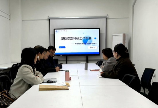 为进一步规范科研管理,强化科研考核导向作用,12月3日,基础课部(以下简称“课部”)召开专题工作例会,聚焦科研考核相关工作进行专项研讨。课部学术委员会成员、教学秘书及行政秘书参加会议,会议由课部副主任俞霜主持。
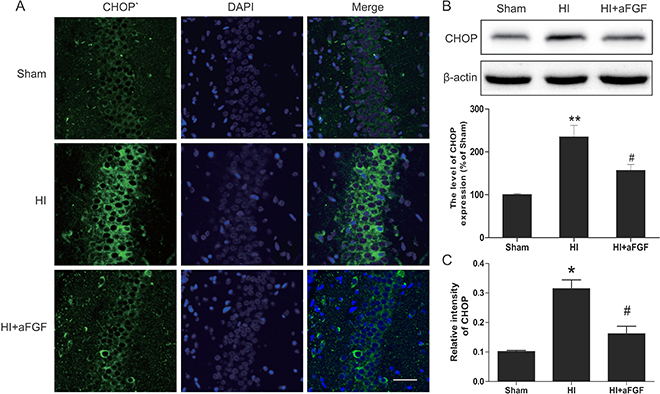 Figure 5: aFGF inhibits ER stress-related CHOP expression after HI. (A) Representative immunofluorescence staining results for CHOP (green) in the hippocampus; nuclei were labelled with DAPI (blue). Scale bar = 75 μm. (B) Representative western blots and quantification data for CHOP in the sham, HI model and HI model + aFGF treatment groups. **p < 0.01 versus the sham group, #p < 0.05 versus the HI group. (C) Quantitative analysis of immunofluorescence data from A. *p < 0.05 versus the sham group, #p < 0.05 versus the HI group. Data are expressed as the mean value ± SEM, n = 5 rats per group.
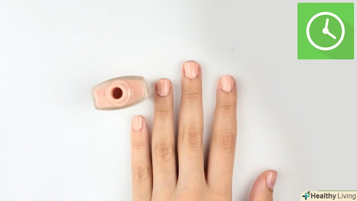 Дайте нігтям висохнути. намагайтеся не рухати пальцями, а то покриття буде змазано. Зачекайте 10 - 15 хвилин, поки покриття не висохне. Якщо ви нанесете другий шар занадто рано-це тільки зашкодить нижній шар. Ви можете прискорити висихання лаку феном, але не будьте надмірно оптимістичні. Використання фена може пересушити ваші нігті.- Після того як перший шар висохне, ви, якщо захочете, можете нанести другий шар. З ним колір покриття буде виглядати більш насиченим, а текстура нігтя - більш гладкою.
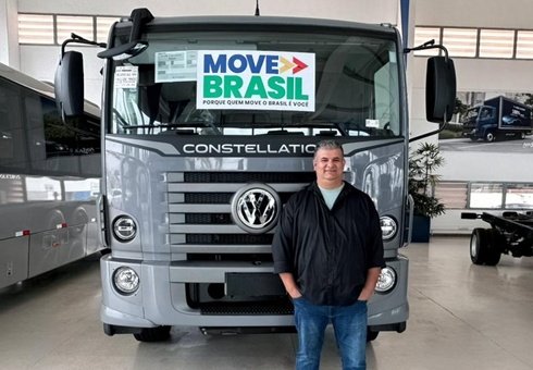 O caminhoneiro autônomo de Brasília Márcio de Souza e Silva (foto em destaque), 51 anos, está comemorando uma conquista que parecia distante: a compra do primeiro caminhão zero-quilômetro. O veículo, um VWCO Constellation 26.260, foi comprado na concessionária Nasa, da Volkswagen Caminhões e Ônibus, de Brasília, por meio do programa federal Move Brasil, que disponibilizou R$ 10 bilhões para pessoas físicas e jurídicas do transporte rodoviário de cargas renovarem suas frotas.

**Aim of the task**
Please provide a faithful transcription of all the data, pictures excluded.

**Result of this exercise**
 为进一步规范科研管理,强化科研考核导向作用,12月3日,基础课部(以下简称“课部”)召开专题工作例会,聚焦科研考核相关工作进行专项研讨。课部学术委员会成员、教学秘书及行政秘书参加会议,会议由课部副主任俞霜主持。
 Figure 5: aFGF inhibits ER stress-related CHOP expression after HI. (A) Representative immunofluorescence staining results for CHOP (green) in the hippocampus; nuclei were labelled with DAPI (blue). Scale bar = 75 μm. (B) Representative western blots and quantification data for CHOP in the sham, HI model and HI model + aFGF treatment groups. **p < 0.01 versus the sham group, #p < 0.05 versus the HI group. (C) Quantitative analysis of immunofluorescence data from A. *p < 0.05 versus the sham group, #p < 0.05 versus the HI group. Data are expressed as the mean value ± SEM, n = 5 rats per group.
 Дайте нігтям висохнути. намагайтеся не рухати пальцями, а то покриття буде змазано. Зачекайте 10 - 15 хвилин, поки покриття не висохне. Якщо ви нанесете другий шар занадто рано-це тільки зашкодить нижній шар. Ви можете прискорити висихання лаку феном, але не будьте надмірно оптимістичні. Використання фена може пересушити ваші нігті.- Після того як перший шар висохне, ви, якщо захочете, можете нанести другий шар. З ним колір покриття буде виглядати більш насиченим, а текстура нігтя - більш гладкою.
 O caminhoneiro autônomo de Brasília Márcio de Souza e Silva (foto em destaque), 51 anos, está comemorando uma conquista que parecia distante: a compra do primeiro caminhão zero-quilômetro. O veículo, um VWCO Constellation 26.260, foi comprado na concessionária Nasa, da Volkswagen Caminhões e Ônibus, de Brasília, por meio do programa federal Move Brasil, que disponibilizou R$ 10 bilhões para pessoas físicas e jurídicas do transporte rodoviário de cargas renovarem suas frotas.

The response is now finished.